*Exercise brief*.
Please copy exactly the part of the records below that opens with the line containing "Цельсия до зарумянивания." and closes with the line containing "キレイめな素材をカジュアルに", leaving out any pictures.

*Information supplied*.
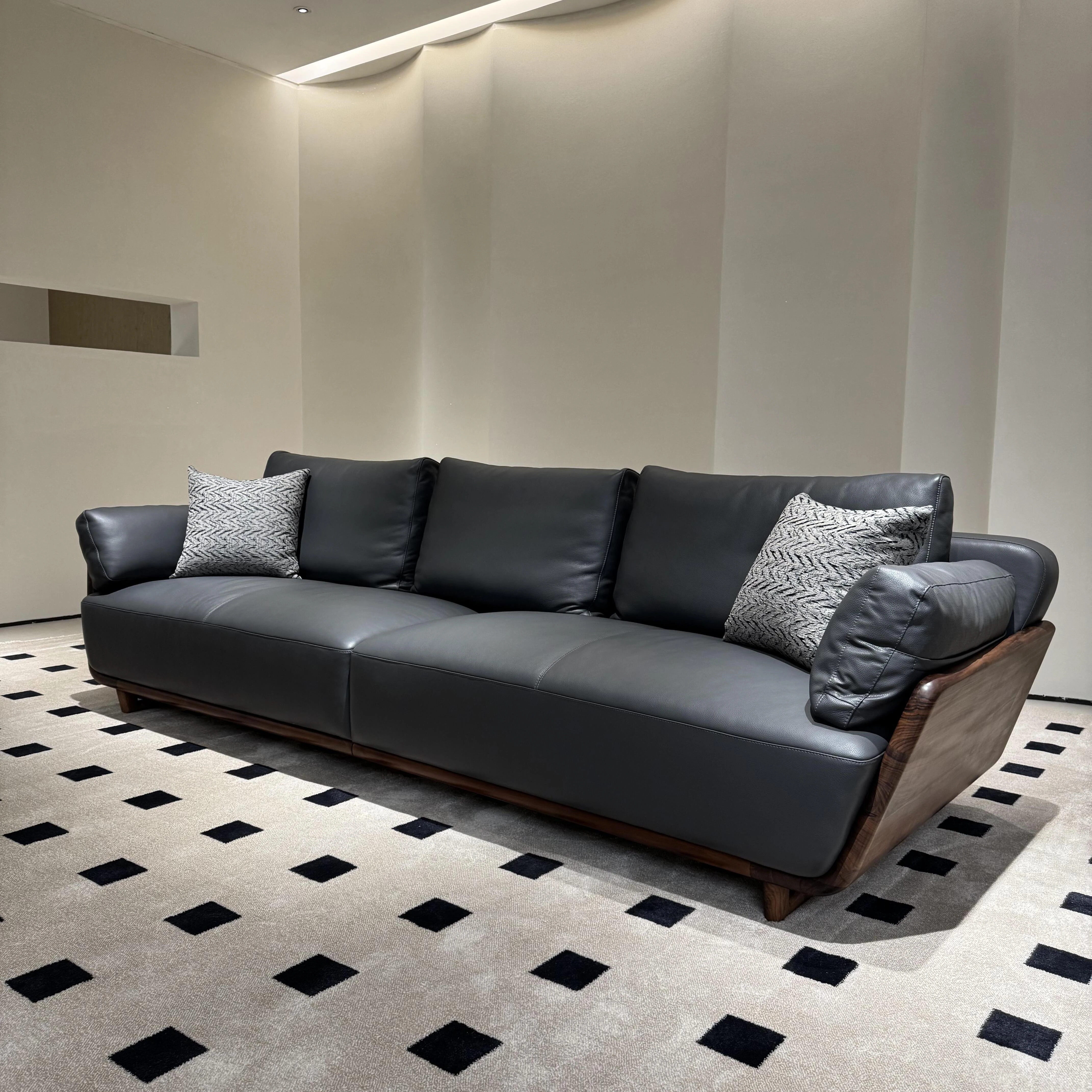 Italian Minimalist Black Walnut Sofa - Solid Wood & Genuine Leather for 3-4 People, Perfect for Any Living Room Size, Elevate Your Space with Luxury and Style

==

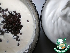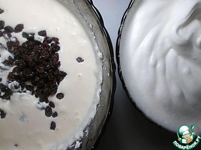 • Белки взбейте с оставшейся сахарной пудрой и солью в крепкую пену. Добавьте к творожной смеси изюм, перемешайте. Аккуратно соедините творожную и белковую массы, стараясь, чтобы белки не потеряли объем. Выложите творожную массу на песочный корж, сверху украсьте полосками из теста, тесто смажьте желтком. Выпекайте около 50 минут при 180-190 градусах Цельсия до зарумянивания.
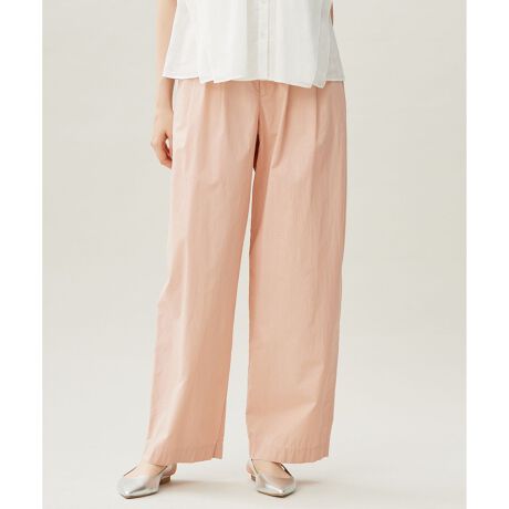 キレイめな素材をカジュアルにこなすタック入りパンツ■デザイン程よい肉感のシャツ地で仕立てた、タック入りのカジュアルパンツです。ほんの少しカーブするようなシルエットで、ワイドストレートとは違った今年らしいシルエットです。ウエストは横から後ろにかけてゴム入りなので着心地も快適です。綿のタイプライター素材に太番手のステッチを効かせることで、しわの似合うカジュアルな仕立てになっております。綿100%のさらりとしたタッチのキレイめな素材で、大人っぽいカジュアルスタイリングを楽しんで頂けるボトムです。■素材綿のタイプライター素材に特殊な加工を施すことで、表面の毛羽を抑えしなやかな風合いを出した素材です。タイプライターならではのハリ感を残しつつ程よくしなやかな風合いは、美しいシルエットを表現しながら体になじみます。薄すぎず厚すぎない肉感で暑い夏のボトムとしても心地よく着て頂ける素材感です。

*Solution to the problem*.
 • Белки взбейте с оставшейся сахарной пудрой и солью в крепкую пену. Добавьте к творожной смеси изюм, перемешайте. Аккуратно соедините творожную и белковую массы, стараясь, чтобы белки не потеряли объем. Выложите творожную массу на песочный корж, сверху украсьте полосками из теста, тесто смажьте желтком. Выпекайте около 50 минут при 180-190 градусах Цельсия до зарумянивания.
 キレイめな素材をカジュアルにこなすタック入りパンツ■デザイン程よい肉感のシャツ地で仕立てた、タック入りのカジュアルパンツです。ほんの少しカーブするようなシルエットで、ワイドストレートとは違った今年らしいシルエットです。ウエストは横から後ろにかけてゴム入りなので着心地も快適です。綿のタイプライター素材に太番手のステッチを効かせることで、しわの似合うカジュアルな仕立てになっております。綿100%のさらりとしたタッチのキレイめな素材で、大人っぽいカジュアルスタイリングを楽しんで頂けるボトムです。■素材綿のタイプライター素材に特殊な加工を施すことで、表面の毛羽を抑えしなやかな風合いを出した素材です。タイプライターならではのハリ感を残しつつ程よくしなやかな風合いは、美しいシルエットを表現しながら体になじみます。薄すぎず厚すぎない肉感で暑い夏のボトムとしても心地よく着て頂ける素材感です。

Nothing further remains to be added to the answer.